Ask HN: How do I prepare myself for a algorithms' exercise - sedeki

So I have a test coming up. It involves solving some problems that have time and space constraints. How can I prepare for this?
======
yen223
Practice on existing problems. Check out
[https://www.hackerrank.com/](https://www.hackerrank.com/) and
[https://code.google.com/codejam](https://code.google.com/codejam). I
particularly like Google Code Jam because they provide an analysis on how to
approach these kinds of algorithm exercises.

------
cpcarey
LeetCode has a great collection of problems that you can practice with and
test your solution in the browser
([https://oj.leetcode.com/](https://oj.leetcode.com/)). The discussion
sections were helpful as well.

GeeksforGeeks also has a collection of problems and analyses
([http://geeksforgeeks.org/fundamentals-of-
algorithms/](http://geeksforgeeks.org/fundamentals-of-algorithms/)).

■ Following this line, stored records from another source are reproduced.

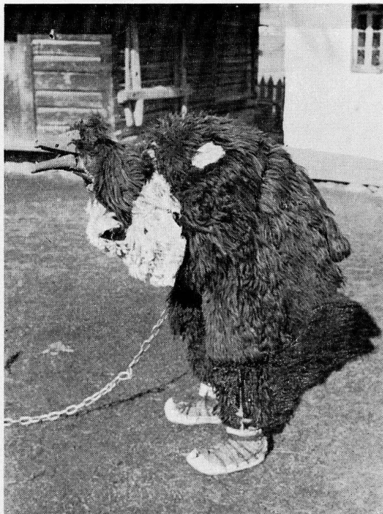
3 Bärenmaske aus dem Gebiet von Suceava, gebraucht an Neujahr.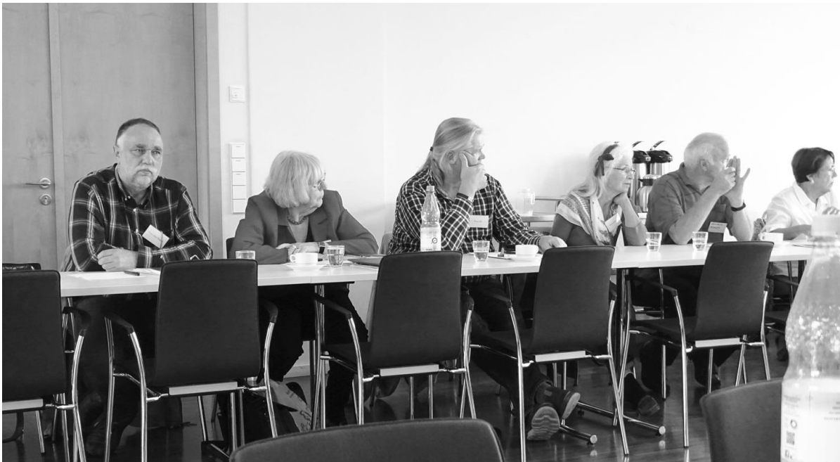
In den Workshops am Nachmittag diskutierten die Teilnehmer in kleineren Runden die zentralen Fragen, die der Expertenrunde vorlagen

Welchen Risiken setzen sich psychiatrisch Tätige aus, die ohne oder gegen ärztliche Anweisung Patienten beim Absetzen unterstützen?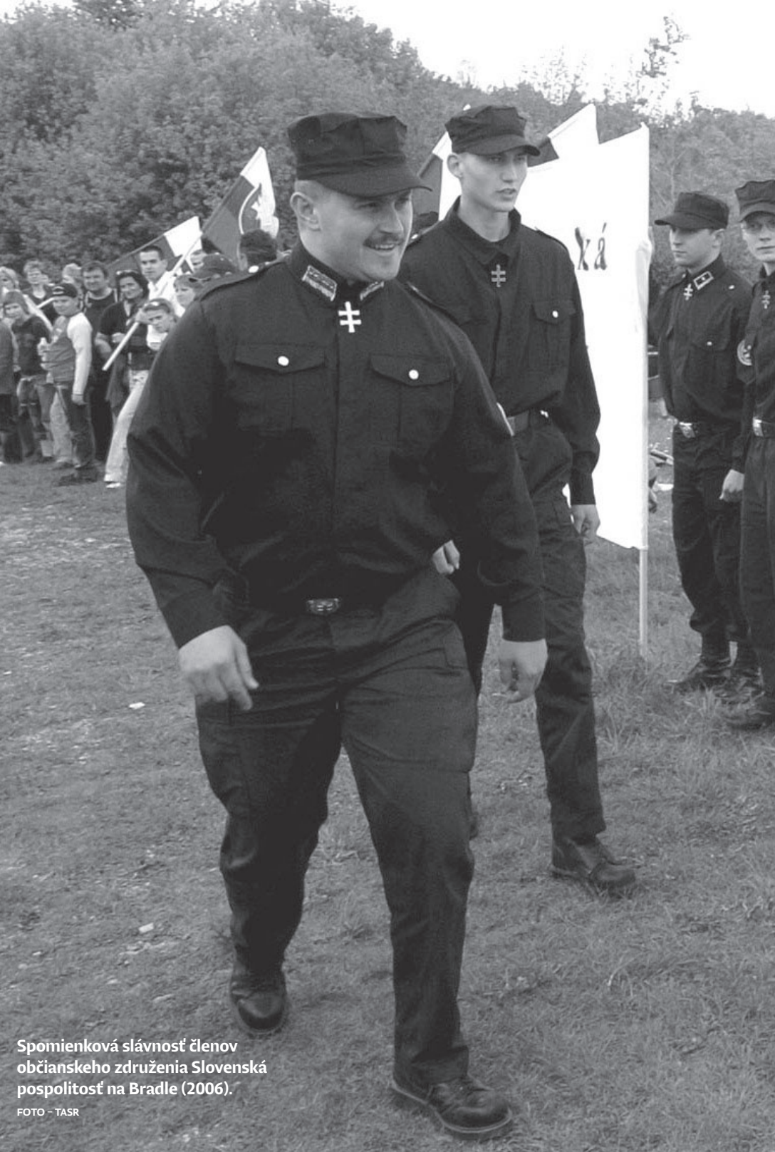
Spomienková slávnosť členov občianskeho združenia Slovenská pospolitosť na Bradle (2006).

So after refreshing yourself on the fundamentals, practice, practice,
practice. Hope this helps!

------
sian_OK
Practice, practice, practice will work 99% of the time. But it's worth
refining your approach to problem solving for when a question is thrown at you
and no answer immediately comes to mind. I can ping you some pointers - drop
me an email at: sian.roberson@oxfordknight.co.uk

Good luck with your test!

------
anigbrowl
Study similar problems, of course. Develop test problems that you would give
to an imaginary candidate, ie try to think of problems and constraints of your
own. Also, devise a test-taking algorithm to minimize the time loss of
unsolved questions.

------
implicit_none
This book was very useful to me: [http://www.amazon.com/Programming-
Interviews-Exposed-Secrets...](http://www.amazon.com/Programming-Interviews-
Exposed-Secrets-Landing/dp/1118261364)

------
lastofus
I've always found browsing through my old algorithms text books to refresh
myself helps a lot.